HOCHSTAPLER IN DER KIRCHE

Berliner Morgenpost
09.20.2003
Peter Hans Göpfert

Vergesst Mussorgski, entdeckt Puschkin: "Boris Godunow" eröffnet die Festwochen

Auf der Bühne intonieren die Popen ausgiebig klerikale Litaneien und spenden Weihrauch. Das Publikum sitzt zu zwei Seiten im Kirchengestühl. Historische Fiktion und heutige Wirklichkeit stimmen in der schönen Parochialkirche überein. Auch der britische Regisseur Declan Donnellan versucht in seiner Moskauer Inszenierung des "Boris Godunow" von Alexander Puschkin die Symbiose aus Damals und Heute. Sie gelingt ihm weniger überzeugend.

Das Stück vom mutmaßlichen Königsmörder Boris und dem falschen Zarewitsch Dimitri, der in Polen ein Heer formiert und in Moskau den Zarenthron erobert, ist hierzulande nicht vorhanden, es wird völlig durch Mussorgskis Oper überlagert.

Alexander Puschkin (1799-1837) wollte ein Stück nationaler Historie schreiben. Bis heute ist nicht entschieden, ob es mehr als Komödie oder als Tragödie angesehen werden soll. Bei Donnellan tragen die Mächtigen und Intriganten, die Heuchler und Apparatschiks Anzug und Krawatte von heute. Im Fernsehen wird Dimitris Einnahme Moskaus bekannt gegeben. Und der wendet sich per Mikrofon an die "slawischen Söhne", die er in die Schlacht führen will. Die "Aktualisierung" bleibt Oberfläche.

Die Inszenierung setzt auf rasche Abfolge der vielen geschichtlichen Szenen. Die Akteure bewegen sich auf einer langen Stegbühne in der Mitte des Publikums. Rituelle Handlungen, Krönung und Leichenbettung Boris Godunows werden ausgiebig zelebriert. In der Schenke an der litauischen Grenze, wo der kleine Mönch beinahe von den Spürhunden des Zaren erwischt wird, ist mächtig was los, Volksmusik-Sendung im TV inklusive. Im Haus des polnischen Adligen Mnischek wird dekorativ getanzt. Der Brite Donnellan kommt aus der Freien Szene. Hiervon ist seine Ästhetik geprägt.

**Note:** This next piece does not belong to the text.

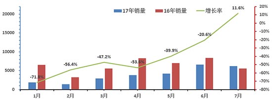 2017年1-7月中国客车总销量走势图

Im polnischen Kapitel hat die Aufführung, die bemüht ist, Verfestigungen aufzulösen, aber dennoch die Schauspieler in schematischen Rollenauffassungen gefangen hält, einen darstellerischen Höhepunkt. Verliebte Männer können mitunter leichtfertig dämlich sein. So auch Dimitri, als er Mischniks Tochter Marina seine wahre Identität verrät und erwartet, sie werde ihn auch als einfachen Menschen lieben. Denkste. Die schöne und ehrgeizige Polin entscheidet politisch. Sie will dem Hochstapler erst gehören, wenn er fest im Moskauer Zarensattel sitzt. Irina Grineva und Evgeny Mironov spielen Zögern und Zärtlichkeit, Verachtung und Hingabe mit großer Konzentration. Schade nur, dass Donnellan die Szene in einem aufgeklappten Pool verwässert. Das in Puschkins Drama entscheidende Element "Volk" bleibt nebensächlich und anekdotisch. Die hoch berühmte Schlussszene, in der die Masse stumm bleibt und die Heilsrufe auf den neuen Zaren verweigert, erstarrt zum abstrakten Kostüm-Tableau.

Der Betrachter hat bei diesem reißerisch vergröberten "Boris Godunow" den Eindruck, einer Freilichtaufführung in geschlossenem Raum zuzusehen. Sie besitzt zweifellos eine eigene Handschrift und besonderen Rhythmus. Als Paukenschlag zum Auftakt der Festwochen und ihres "Russland"-Schwerpunkt taugt sie aber wenig.